PPPoEクライアント機能は、インターネットに接続するための「入口の仕組み」を担う重要な機能です。特に光回線やADSLなどの環境で、ISP(インターネットサービスプロバイダ)に接続する際に利用されます。ここではさらに詳しく解説します。
PPPoEの基本
PPPoE(Point-to-Point Protocol over Ethernet)は、LANで使われるイーサネット上でPPP(Point-to-Point Protocol)を動作させる方式です。
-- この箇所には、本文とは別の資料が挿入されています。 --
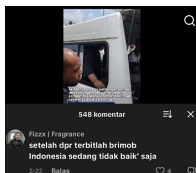
Gambar 2. Komentar Kedua

Analisis komentar netizen menunjukkan bahwa bentuk tindak tutur tidak hanya terbatas pada ekspresif dan direktif, tetapi juga menunjukkan adanya nuansa implikatur, kekhawatiran sosial, serta kritik tersirat terhadap kondisi sosial dan institusi negara. Pada komentar pertama oleh akun @parupuy yang berbunyi "ntahlah mau komen tapi gak heran", terlihat adanya tindak tutur ekspresif yang bersifat apatis sekaligus sinis. Ujaran ini tidak secara langsung mengkritik, tetapi mengandung implikatur bahwa peristiwa kekerasan tersebut sudah dianggap sebagai hal yang biasa terjadi. Sikap "tidak heran" menunjukkan adanya penurunan kepercayaan terhadap institusi, yang disampaikan secara implisit. Menurut Kunjana Rahardi (2022), implikatur dalam komunikasi digital sering digunakan untuk menyampaikan kritik secara tidak langsung guna menghindari konflik terbuka, tetapi tetap dapat dipahami oleh audiens melalui konteks sosial yang sama.

PPPはもともとダイヤルアップで「認証・暗号化・IPアドレス割り当て」などを行うためのプロトコルで、それを現代のブロードバンド環境でも使えるようにしたのがPPPoEです。
PPPoEクライアント機能の役割
PPPoEクライアント機能とは「ISPとの認証と通信確立を代行する機能」です。具体的には以下のような流れで動きます。
接続の流れ
- ユーザー認証
ISPが発行する接続ID(ユーザー名)とパスワードを送信し、正しい契約者かを確認。 - セッション確立
認証に成功すると「PPPoEセッション」が確立され、インターネットと自宅のネットワークが直結する。 - IPアドレス取得
ISPのDHCPサーバーからグローバルIPアドレスを割り当てられ、外部ネットワークと通信可能になる。
PPPoEクライアント機能を持つ機器の違い
- PCに直接設定する場合
WindowsやMacのOSに標準搭載されているPPPoEクライアント機能を利用して直接接続可能。ただし、この方法だと1台しかインターネットに接続できない。 - ルーターに設定する場合
家庭用ルーターや法人向けルーターにPPPoEクライアント機能を持たせることで、ルーターが接続処理を担当し、LANに接続された複数のPC・スマホ・タブレットが同時にインターネットを利用できる。
PPPoEとIPoEの違い
現在はIPv6を前提としたIPoE接続が普及しています。
- PPPoE:従来方式。回線が混雑しやすく速度低下の要因になりがち。
- IPoE:新方式。認証が不要で、回線の帯域も広く、混雑に強い。
ただし、古いISP契約や一部のサービスでは今でもPPPoEクライアント機能が必要です。
PPPoEクライアント機能のメリットとデメリット
メリット
- ユーザー認証によって契約者ごとに接続管理できる
- ルーターに任せれば複数端末を同時にインターネットへ接続可能
- ISPごとにアカウントを切り替えることもできる
デメリット
- 認証やセッション管理に負荷がかかり、ルーター性能によって速度低下する場合がある
- 同時接続数に制限がある(ISP側が制御)
- IPoEに比べると速度面で不利
まとめ
- ルーターに設定すれば複数台の機器が接続可能
- 認証とIPアドレスの割り当てを自動で行う
- 現在はIPv6のIPoEに移行が進んでいるが、まだ必要とされる場面も多い
PPPoEクライアント機能とは、「ルーターやPCがISPに認証を行い、インターネット接続を確立するための仕組み」です。